Feb 17 17:25:56 kernel: item 202 key (68722249728 168 110592) itemoff 6177 itemsize 53
Feb 17 17:25:56 kernel: extent refs 1 gen 3842 flags 1
Feb 17 17:25:56 kernel: ref#0: extent data backref root 5 objectid 953 offset 5431296 count 1
Feb 17 17:25:56 kernel: BTRFS critical (device nvme1n2: state EA): unable to find ref byte nr 66948939776 parent 66948939776 root 5 owner 0 offset 0 slot 166
Feb 17 17:25:57 kernel: BTRFS error (device nvme1n2: state EA): failed to run delayed ref for logical 66948939776 num_bytes 16384 type 182 action 2 ref_mod 1: -2
Feb 17 17:25:57 kernel: BTRFS: error (device nvme1n2: state EA) in btrfs_run_delayed_refs:2246: errno=-2 No such entry
Feb 17 17:25:57 kernel: BTRFS warning (device nvme1n2: state EA): Skipping commit of aborted transaction.
Feb 17 17:25:57 kernel: BTRFS: error (device nvme1n2: state EA) in cleanup_transaction:2006: errno=-2 No such entry
Feb 17 17:26:02 kernel: BTRFS info (device nvme1n2: state EA): last unmount of filesystem f33f6f52-ef71-4984-898d-ff20390559d1

[Workaround patch]

I added "level" field to struct extent_buffer to store the tree level and
checked if buf->level is the same as btrfs_header_level(buf) or not in
btrfs_free_tree_block(). It revealed buf->level != btrfs_header_level(buf)
can happen.

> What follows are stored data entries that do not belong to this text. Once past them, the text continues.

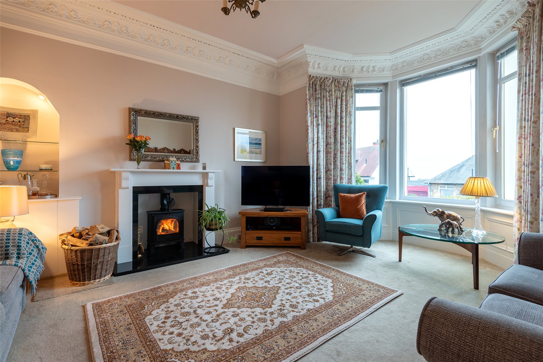 The property has been lovingly maintained by the current owners and offers versatile accommodation spread over two floors. On the ground floor there is a vestibule, hallway and a bright and spacious lounge with bay window and wood burning stove. There is a lovely fitted kitchen with integrated appliances which leads to a family room/breakfast room. The separate dining room can be utilised as a fifth bedroom. A modern shower room completes the ground floor. Upstairs there is a spacious principal bedroom with bay window with lovely views towards the River Tay and feature fireplace. There are three further bedrooms, two of which have built in wardrobes, and family bathroom. Benefits include double glazing, gas central heating, attic space and a number of beautiful original features.
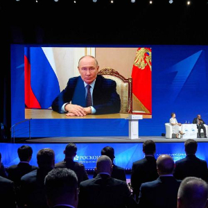 4月1日,在俄罗斯圣彼得堡举行的首届俄罗斯国际交通物流论坛上,俄罗斯总统普京发表视频致辞。
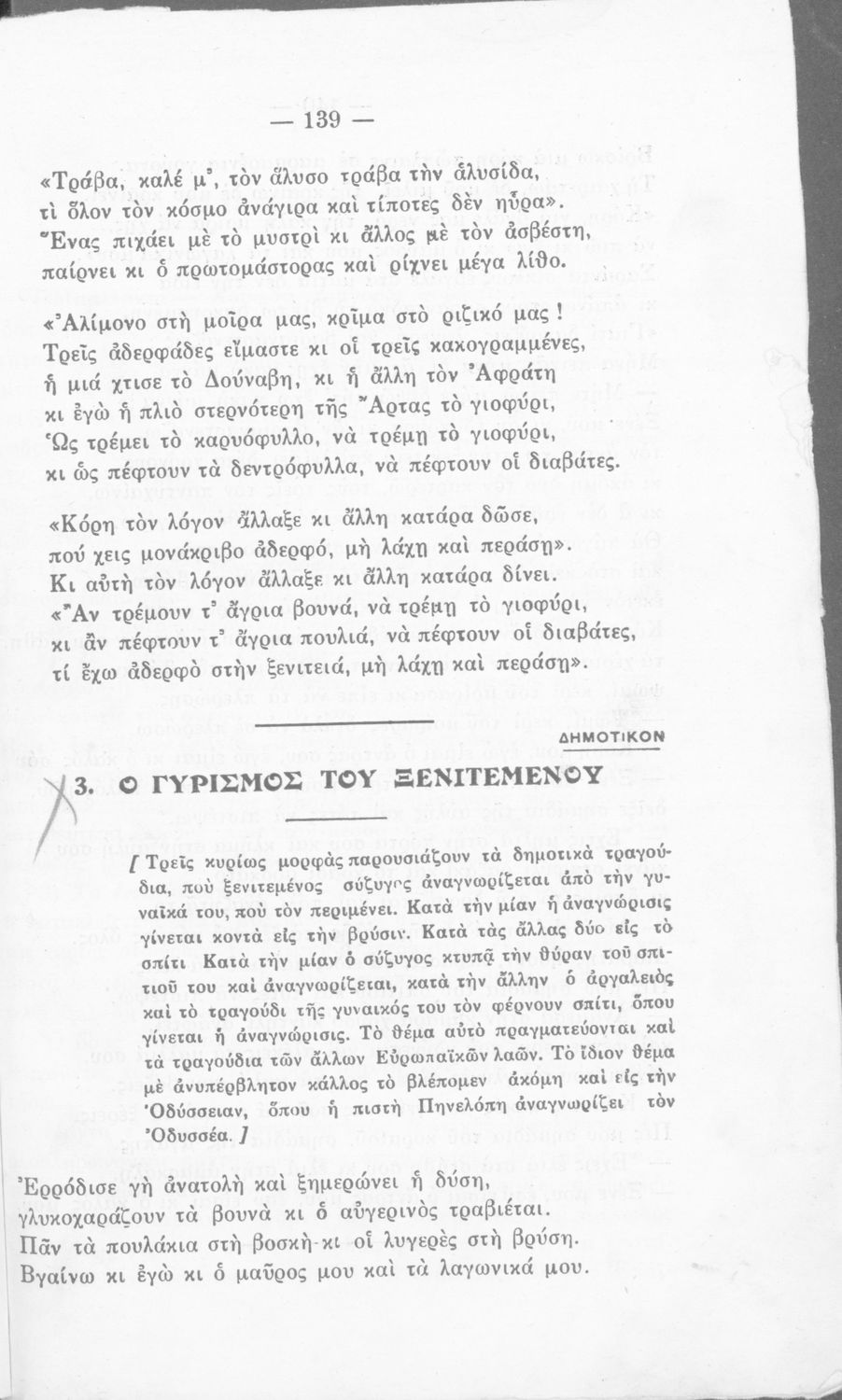 Σχολικό εγχειρίδιο Νέων Ελληνικών Γ' Ελληνικού Σχολείου που περιλαμβάνει κείμενα Ελλήνων συγγραφέων και δημοτικά τραγούδια εμπνευσμένα από την σύγχρονη ελληνική ιστορία, την ελληνική φύση και τη ζωή στην ...
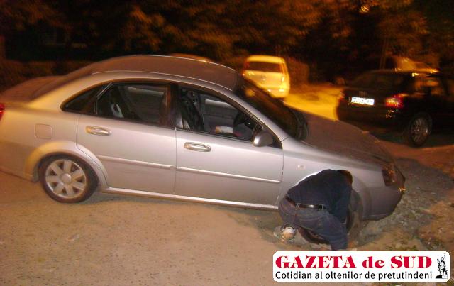 „Lângă blocul nostru se lucrează de o lună. Dimineaţa, când am plecat, erau acolo nişte pietre, moloz şi se lucra. Când am revenit, seara, pământul era nivelat. Totul părea în ordine şi am parcat“. Numai că şoferul autoturismului s-a trezit cu roţile înghiţite de o groapă căscată ca din senin în pământ. Nu mică i-a fost mirarea când s-a trezit deasupra unor conducte despre care habar nu are cărei companii sau regii craiovene aparţin.
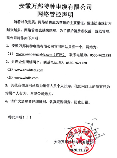 鄭重聲明:安徽萬邦特種電纜有限公司官方網站為:www_wanbangcable_com.bxwtkj.cn,除此之外無任何子網站或合作網站,其余均為假冒偽劣。電話:0550-7621728 13485756353 地 址:安徽省天長市滁州高新技術產業開發區經四路29號

It is because the extent buffer is already zeroed out in
btree_csum_one_bio(). Since the header is also cleared,
btrfs_header_level(buf) returns 0 while it actually should be 1. As a
result, a faulty delayed ref, whose level = 0 not 1, is inserted.

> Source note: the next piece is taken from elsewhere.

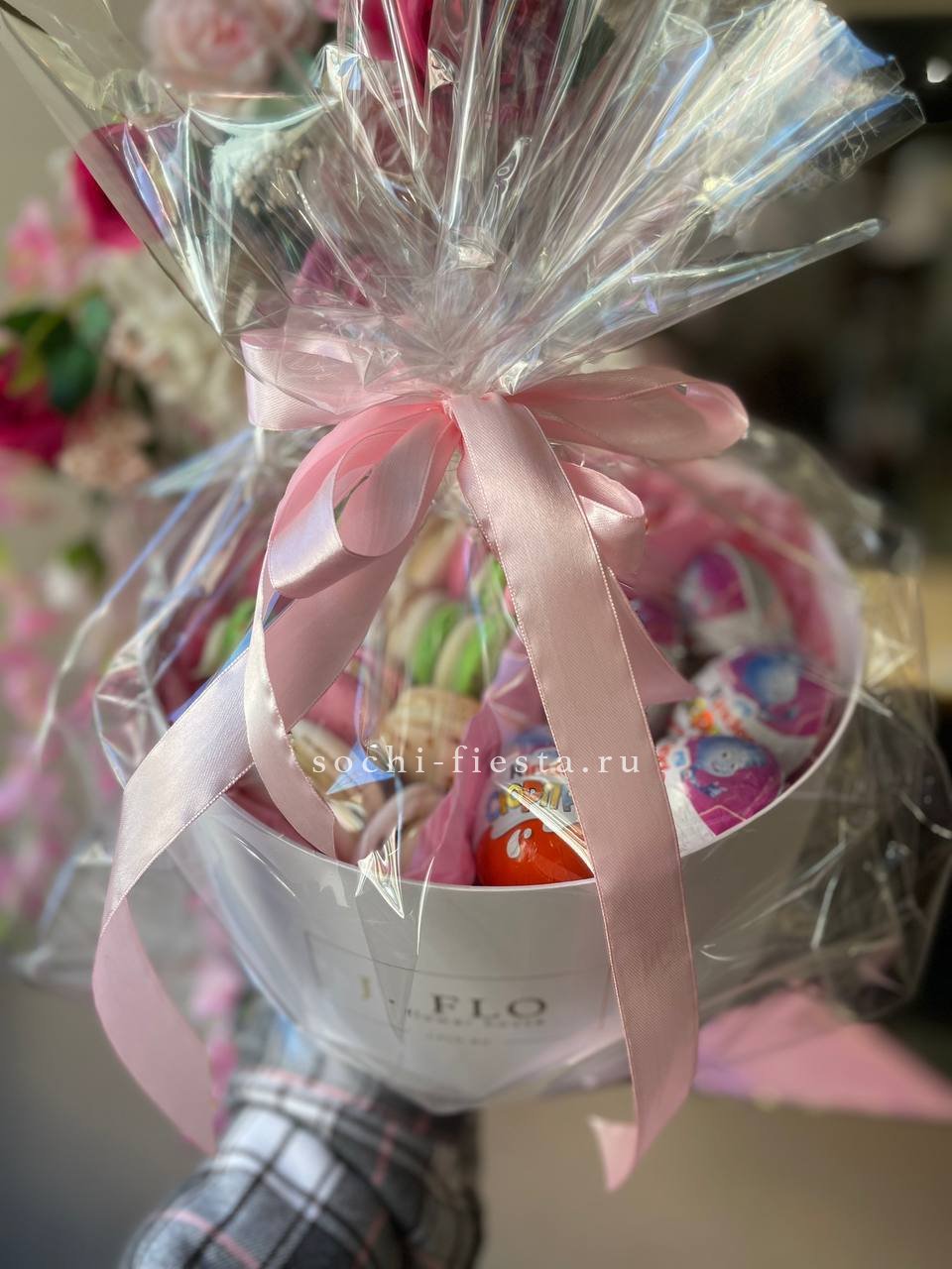 дуо бокс из киндеров и макаронс. Возможна замена киндеров на другой вид шоколада.
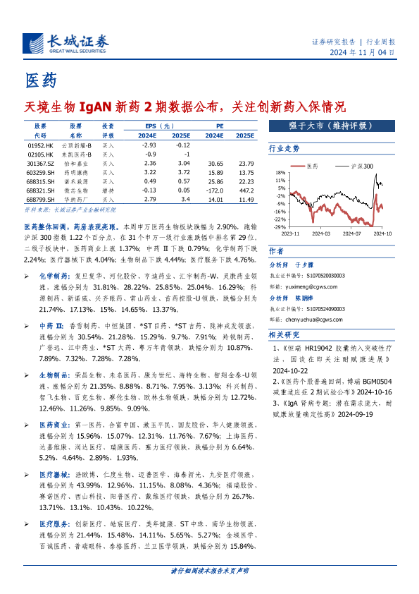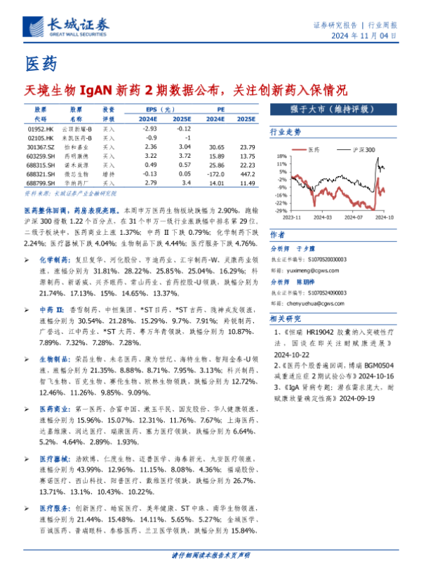 【长城证券】【20241104】医药行业周报:天境生物IgAN新药2期数据公布,关注创新药入保情况-16页

A workaround fix is easy. We can leave the header intact. With this patch,
the failure goes away and generic/013 passed 300 times.

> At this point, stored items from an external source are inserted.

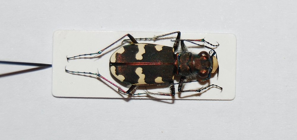 questa bella cicindela, presente sul nostro appennino abbondante ma a tratti localizzata, si rinviene, come tutte le rappresentanti della sua sottofamiglia, nelle ore più calde del giorno, da quando colpisce la sabbia fino a quando resta in ombra più o meno, nelle strisce sabbiose dei fiumi e dei torrentelli, questa l'ho raccolta il 17 maggio di quest'anno (sempre quella volta  ) su un cordone sabbioso appunto del fiume secchia ai gessi reggiani (RE), la foto non è un granchè come sempre ma si riescono ad apprezzare i colori e i caratteri  :
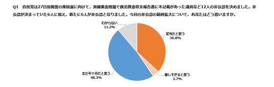-- 非公認拡大「投票に影響ない」26%、当選後の追加公認に反対54% --
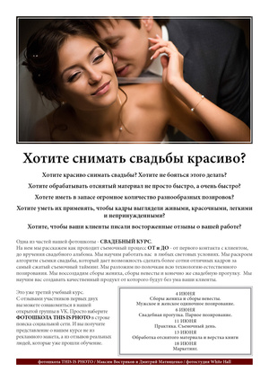 • Работа с моделью. Психологические аспекты. Автор на ваших глазах продемонстрирует нюансы работы с моделью, начиная от первого знакомства…и до самого интересного…
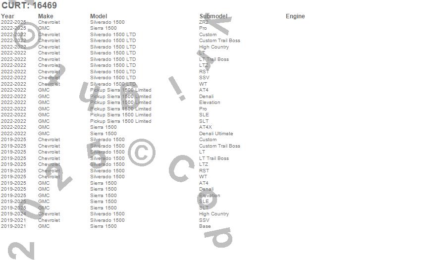 Below is an abbreviated list of applications for the Fifth Wheel Custom Bracket Kit.Pickup Sierra 1500 Limited, Sierra 1500, Silverado 1500, Silverado 1500 LTD, Chevrolet, GMC, 2026, 2025, 2024, 2023, 2022, 2021, 2020, 2019

diff --git a/fs/btrfs/disk-io.c b/fs/btrfs/disk-io.c
index 8ab185182c30..f43104224c92 100644
--- a/fs/btrfs/disk-io.c
+++ b/fs/btrfs/disk-io.c
@@ -278,7 +278,9 @@ blk_status_t btree_csum_one_bio(struct btrfs_bio *bbio)
* ordering of I/O without unnecessarily writing out data.
*/
if (test_bit(EXTENT_BUFFER_ZONED_ZEROOUT, &eb->bflags)) {
- memzero_extent_buffer(eb, 0, eb->len);
+ const unsigned long header_size = sizeof(struct btrfs_header);
+
+ memzero_extent_buffer(eb, header_size, eb->len - header_size);
return BLK_STS_OK;
}

[Remaining Questions]

Timeline of the faulty referenced extent buffer should be following:

- (allocated)
- btrfs_clear_buffer_dirty: set EXTENT_BUFFER_ZONED_ZEROOUT
- btree_csum_one_bio: zero out entire buffer
- (written to device?)
- btrfs_free_tree_block: add DROP_DELAYED_REF

Q1. I previously assumed at btrfs_clear_buffer_dirty, there is no reference
left. But, the actual drop of the reference is done after
btrfs_free_tree_block. Is it too early to mark it EXTENT_BUFFER_ZONED_ZEROOUT and
allow it to be zero out? Maybe, if the FS crashed just after writing zeroed
buffer to a device, re-mounted FS will see zero filled node and panic?

Q2. With the "buf->level != btrfs_header_level(buf)" check, I observed some
level mismatch printed with no delayed ref error followed. How can it
happen? I guess it is merged with the existing delayed refs ... but it does
not care the level mismatch?

Q3. My experience on debugging this suggests this bug is highly timing
related: adding debug prints in btrfs_free_tree_block prevents the bug to
appear. What is the reason behind this?